_Task_. The material below holds the lines to copy: from the one with "- 注册登录界面:注册用户是" up to and including the one with "Mền tuyết NIN". Copy them exactly and skip the pictures.

_Data records_.

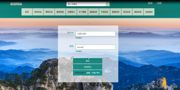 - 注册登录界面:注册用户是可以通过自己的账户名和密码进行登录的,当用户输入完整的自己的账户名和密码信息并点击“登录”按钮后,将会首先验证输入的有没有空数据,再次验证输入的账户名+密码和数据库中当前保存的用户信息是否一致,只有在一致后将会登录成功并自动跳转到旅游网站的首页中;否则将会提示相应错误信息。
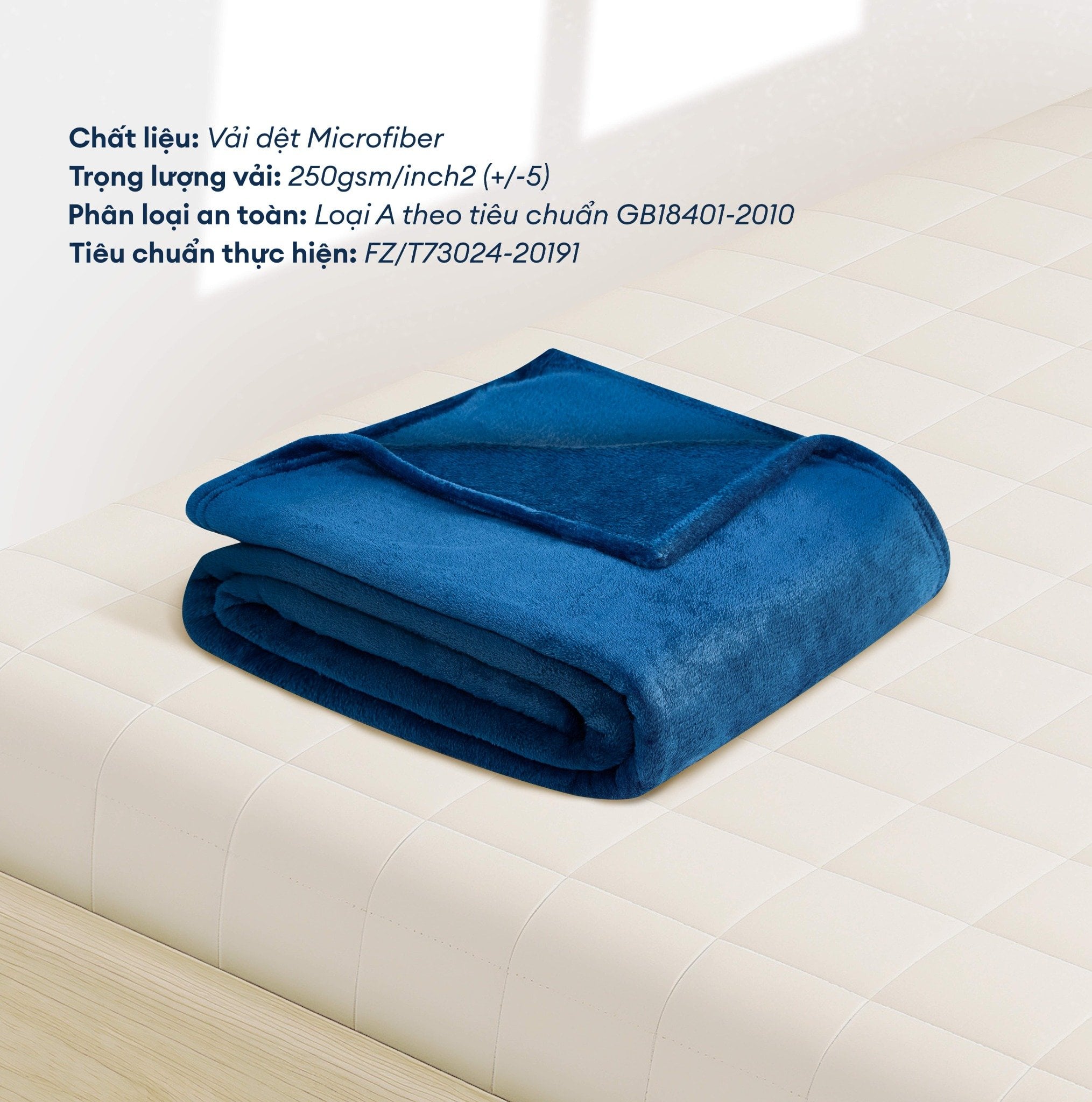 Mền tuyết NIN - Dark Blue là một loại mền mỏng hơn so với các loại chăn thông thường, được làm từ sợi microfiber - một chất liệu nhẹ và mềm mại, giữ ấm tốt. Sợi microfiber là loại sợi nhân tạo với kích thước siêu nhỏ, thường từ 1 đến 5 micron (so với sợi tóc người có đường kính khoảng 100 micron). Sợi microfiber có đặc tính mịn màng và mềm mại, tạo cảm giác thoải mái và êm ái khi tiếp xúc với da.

==

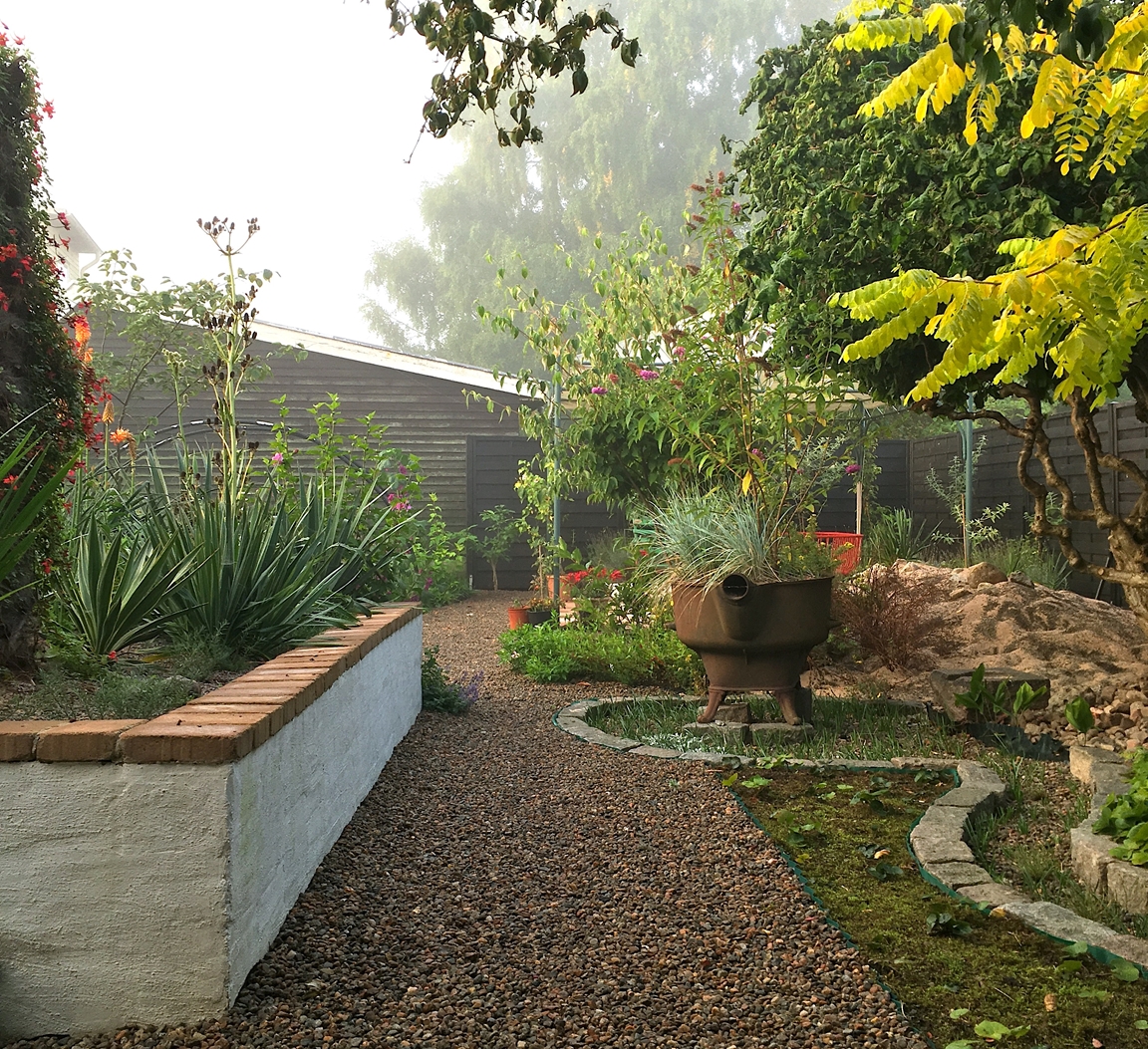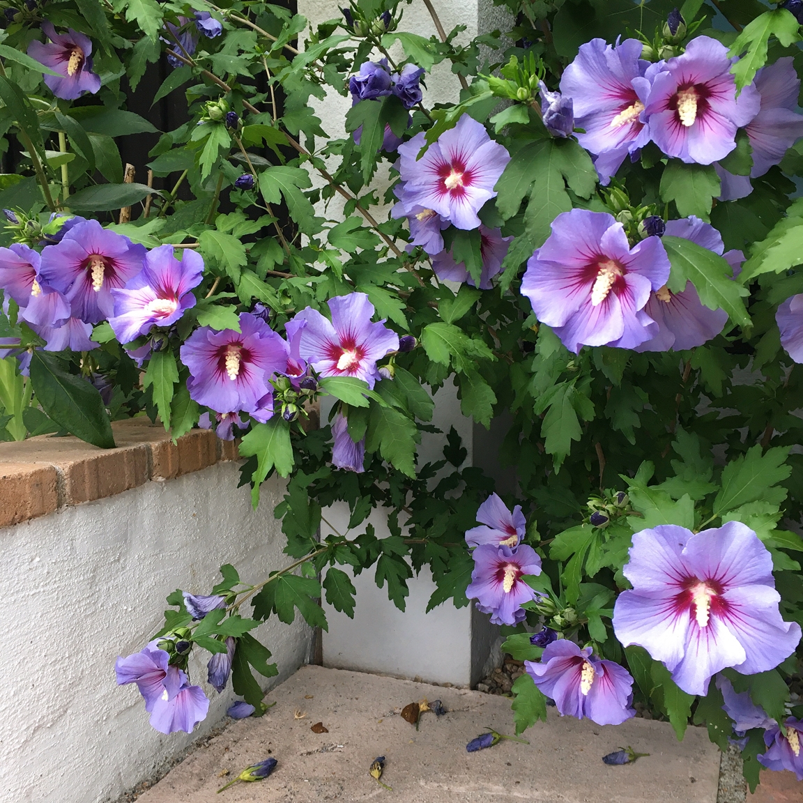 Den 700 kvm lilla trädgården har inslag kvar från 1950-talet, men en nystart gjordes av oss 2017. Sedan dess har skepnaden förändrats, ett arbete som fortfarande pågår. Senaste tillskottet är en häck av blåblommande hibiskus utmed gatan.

...

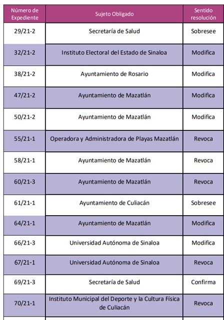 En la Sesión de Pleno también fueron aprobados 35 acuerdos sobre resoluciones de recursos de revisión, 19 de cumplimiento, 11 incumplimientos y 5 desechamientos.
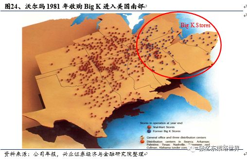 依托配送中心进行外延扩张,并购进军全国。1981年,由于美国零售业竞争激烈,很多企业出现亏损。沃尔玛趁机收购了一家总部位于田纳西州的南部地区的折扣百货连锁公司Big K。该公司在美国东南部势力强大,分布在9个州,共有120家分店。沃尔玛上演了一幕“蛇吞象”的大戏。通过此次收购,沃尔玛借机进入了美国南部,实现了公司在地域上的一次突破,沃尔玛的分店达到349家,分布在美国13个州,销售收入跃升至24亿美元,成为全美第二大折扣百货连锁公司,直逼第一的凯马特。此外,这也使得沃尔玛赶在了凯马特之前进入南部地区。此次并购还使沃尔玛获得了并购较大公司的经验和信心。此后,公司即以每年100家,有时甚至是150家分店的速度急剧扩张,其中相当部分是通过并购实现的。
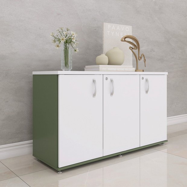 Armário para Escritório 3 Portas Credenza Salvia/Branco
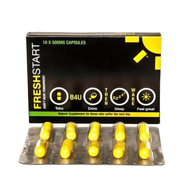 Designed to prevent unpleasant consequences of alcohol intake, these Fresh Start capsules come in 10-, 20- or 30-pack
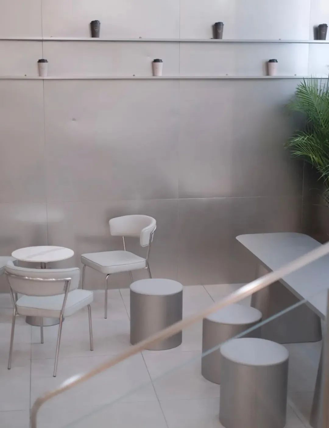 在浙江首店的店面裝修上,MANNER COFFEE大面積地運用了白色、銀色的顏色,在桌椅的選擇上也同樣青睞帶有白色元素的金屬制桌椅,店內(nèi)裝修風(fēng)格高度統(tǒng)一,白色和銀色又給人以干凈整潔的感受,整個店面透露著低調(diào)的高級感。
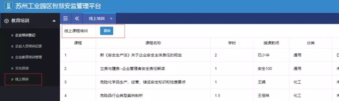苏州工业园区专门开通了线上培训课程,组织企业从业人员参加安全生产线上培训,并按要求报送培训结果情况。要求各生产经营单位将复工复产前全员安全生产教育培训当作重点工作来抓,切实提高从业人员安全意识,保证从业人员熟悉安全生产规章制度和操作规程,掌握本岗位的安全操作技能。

_Exercise answer_.
 - 注册登录界面:注册用户是可以通过自己的账户名和密码进行登录的,当用户输入完整的自己的账户名和密码信息并点击“登录”按钮后,将会首先验证输入的有没有空数据,再次验证输入的账户名+密码和数据库中当前保存的用户信息是否一致,只有在一致后将会登录成功并自动跳转到旅游网站的首页中;否则将会提示相应错误信息。
 Mền tuyết NIN - Dark Blue là một loại mền mỏng hơn so với các loại chăn thông thường, được làm từ sợi microfiber - một chất liệu nhẹ và mềm mại, giữ ấm tốt. Sợi microfiber là loại sợi nhân tạo với kích thước siêu nhỏ, thường từ 1 đến 5 micron (so với sợi tóc người có đường kính khoảng 100 micron). Sợi microfiber có đặc tính mịn màng và mềm mại, tạo cảm giác thoải mái và êm ái khi tiếp xúc với da.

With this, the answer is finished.